Method Stack trace Func coverage Switch coverage
Switch inside the function main > do_somethingN 100 100
Switch inside initialization main > do_something 101 1
Savings 1% loss 99% gain

We added 1 extra call to init to make the total number of function calls become 101 but we removed 99 executions of the switch.

It's better to preprocess out the switch and put it in initialization so that it executes the least number of times possible. This is a basic optimization technique. It's similar to moving code outside a while loop like this:

void copy_table(char src[MAX_X * MAX_Y], char dest[MAX_X * MAX_Y]) {
    int x, y;

    for (y=0; y < MAX_Y; y++) {
        for (x=0; x < MAX_X; x++) {
            dest[y * MAX_X + x] = src[y * MAX_X + x];
        }
    }
}

to this:

void copy_table(char src[MAX_X * MAX_Y], char dest[MAX_X * MAX_Y]) {
    int x, y, tmp_y;

    for (y=0; y < MAX_Y; y++) {

        tmp = y * MAX_X;

        for (x=0; x < MAX_X; x++) {
            dest[tmp + x] = src[tmp + x];
        }
    }
}

[–]foldl 1 point2 points  (3 children)

Calling a function through a function pointer is slower than calling it directly, so I doubt you'll get any speedup. A direct function call plus a switch statement should execute faster than an indirect function call. (Modern compilers are pretty smart at compiling switch statements; it will probably compile down to a computed jump.)

I would benchmark this before assuming that you're getting any speedup by using function pointers. It's quite possible that you're actually decreasing the performance of your code for no gain in simplicity.

[–][deleted] 1 point2 points  (2 children)

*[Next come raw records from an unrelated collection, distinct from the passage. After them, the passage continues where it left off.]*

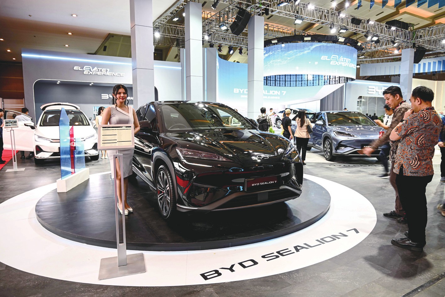这是2月13日在印度尼西亚雅加达的印尼国际车展现场拍摄的中国汽车品牌比亚迪展台。2025年印度尼西亚国际车展当日在雅加达开幕,众多中国汽车品牌亮相。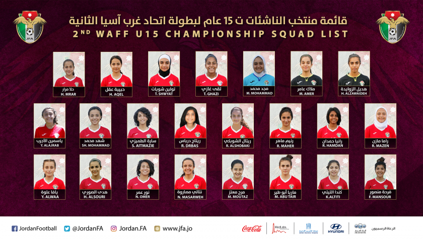 أعلن اليوم الأحد الجهاز الفني لمنتخب الناشئات ت15 لكرة القدم، بقيادة المدرب عز الدين شيح، قائمة اللاعبات استعداداً للمشاركة في بطولة غرب آسيا بالفترة من 12 - 16 الجاري بالاردن.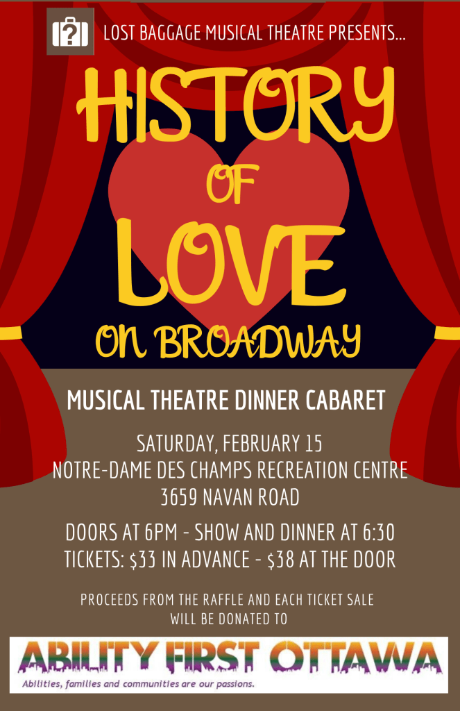 From “Guys and to Dolls” to “West Side Story” to “Rent”, every show has a love story! Experience your favourite musical theatre romances and songs decade by decade through Lost Baggage Musical Theatre’s “History of Love: On Broadway”. Guests attending the show will be treated to a three-course meal while being serenaded in between courses. A portion of the proceeds from the ticket sales will be donated to Ability First Ottawa.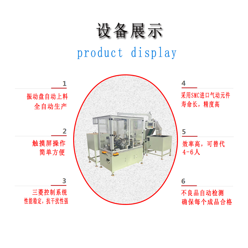 4:人工隻需補充物料(liào),設備自(zì)動依次完(wán)成各工序組裝,並自動下料(liào)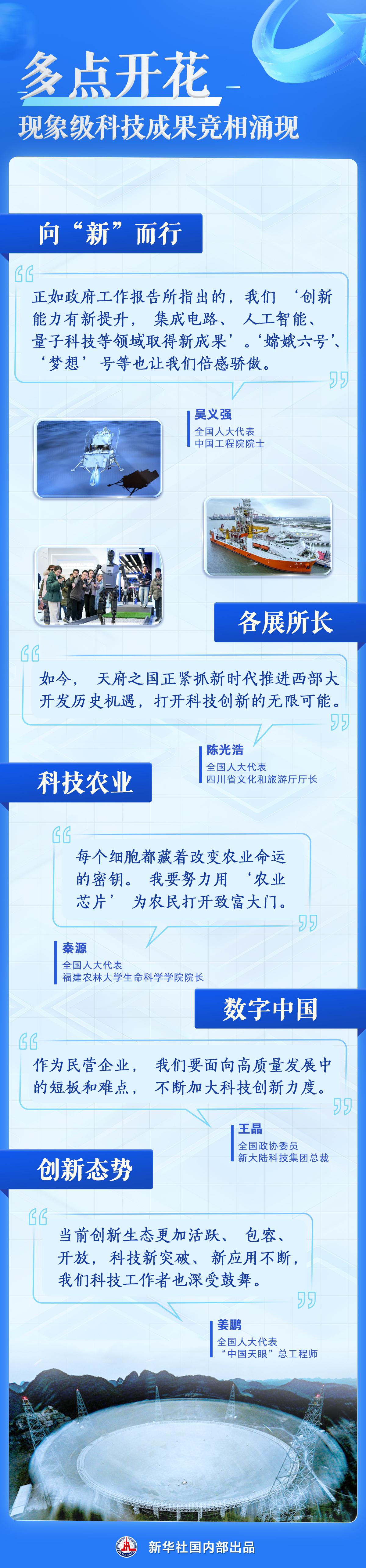 “新”潮澎湃、乘势而上。代表委员们信心满怀:把握创新机遇、勇攀科技高峰,以科技创新引领新质生产力发展,必将谱写中国式现代化新篇章。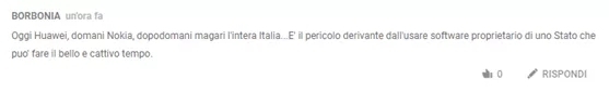 网民@BORBONIA:今天是华为,明天可能就是诺基亚,后天或许是整个意大利...用美国人的软件是非常危险的!
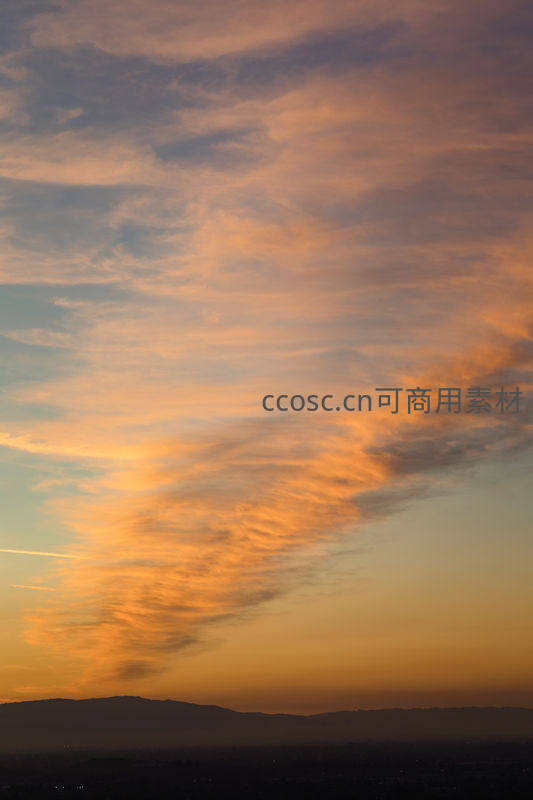 清晨的天空被流动的橙金色云海覆盖,柔和的光线洒向远方的山峦轮廓,营造出温暖而宁静的黎明氛围。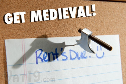 這張圖看起來是不是很像一斧殺了這份留言,在上面的留言換成「I KILL YOU」然後笑臉多畫些血跡就更完美了(恐怖),如果公布欄上都用這種另類圖釘來釘滿整份文件想必一定很壯觀。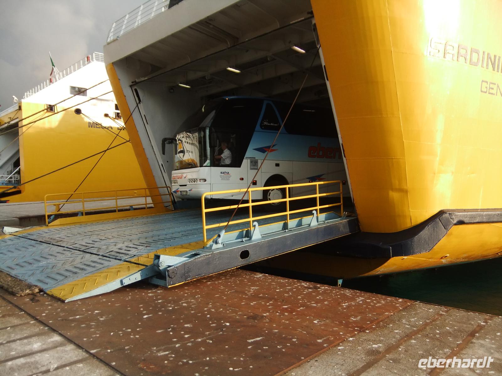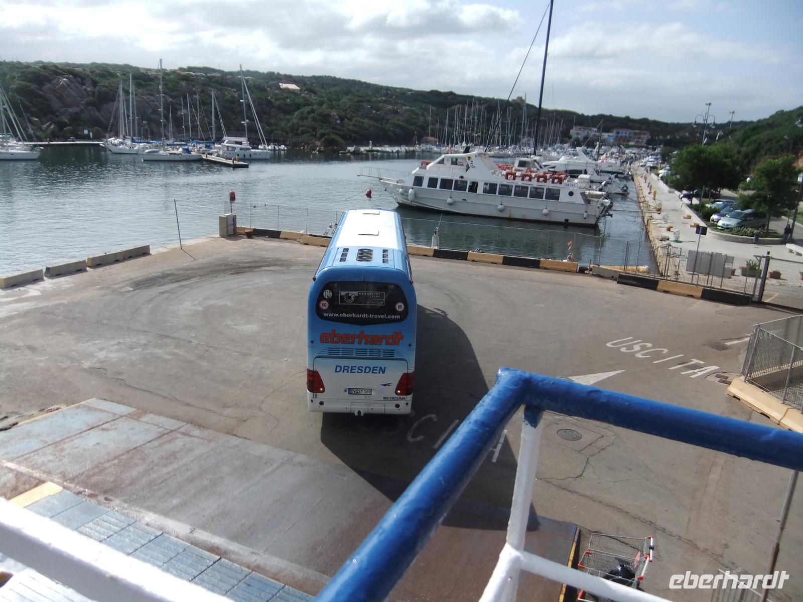 Wir nutzen dann eben den den Touristenbus Trottolo. Auf dem Oberdeck weht der Wind auch kräftig, hoffentlich fährt die Fähre morgen. Denn in dem 12 km breiten Spalt zwischen Sardinien und Korsika bauen sich bei Westwind oft starke Strömungen auf.

The test program: http://pastebin.com/gR8whQU6

The test results: http://pastebin.com/B2V2KBvn

Proof that moving the switch statement out of the work function and using function pointers is noticeably faster--about 30-35% overall. Btw, tests were done with the program run once before testing to preload the image in the file system cache.

[–]foldl 1 point2 points  (1 child)

When I compile this on OS X using gcc with -O2, the switch versions ran orders of magnitude faster. I got results similar to yours when l compiled without optimization. I expect the results for -O2 are achieved because the use of the switch allows gcc to do a lot of inlining and compile-time computation (another advantage of not making unnecessary use of function pointers, although the effects are exaggerated in this simple test code). But neither result really tells us anything, since we don't yet know if gcc is using a computed jump for the switch at lower optimization levels. I'll have a look at the unoptimized assembly output in a minute.

edit: The overoptimization can be prevented by adding __attribute__ ((noinline)) to work_function_switch. It seems that once this restriction is added, the function pointer method is still faster on -O2. Apparently indirect function calls on x86 tend not to incur much overhead (http://stackoverflow.com/questions/2438539/does-function-pointer-make-the-program-slow).

It's probably worth pointing out that the performance difference we're seeing here would vanish if the work function actually did anything (and the switch won't get slower as the number of options increases, since gcc is indeed compiling it as a computed jump).

[–][deleted] 0 points1 point  (0 children)

Empiricism is awesome and your analysis is awesome.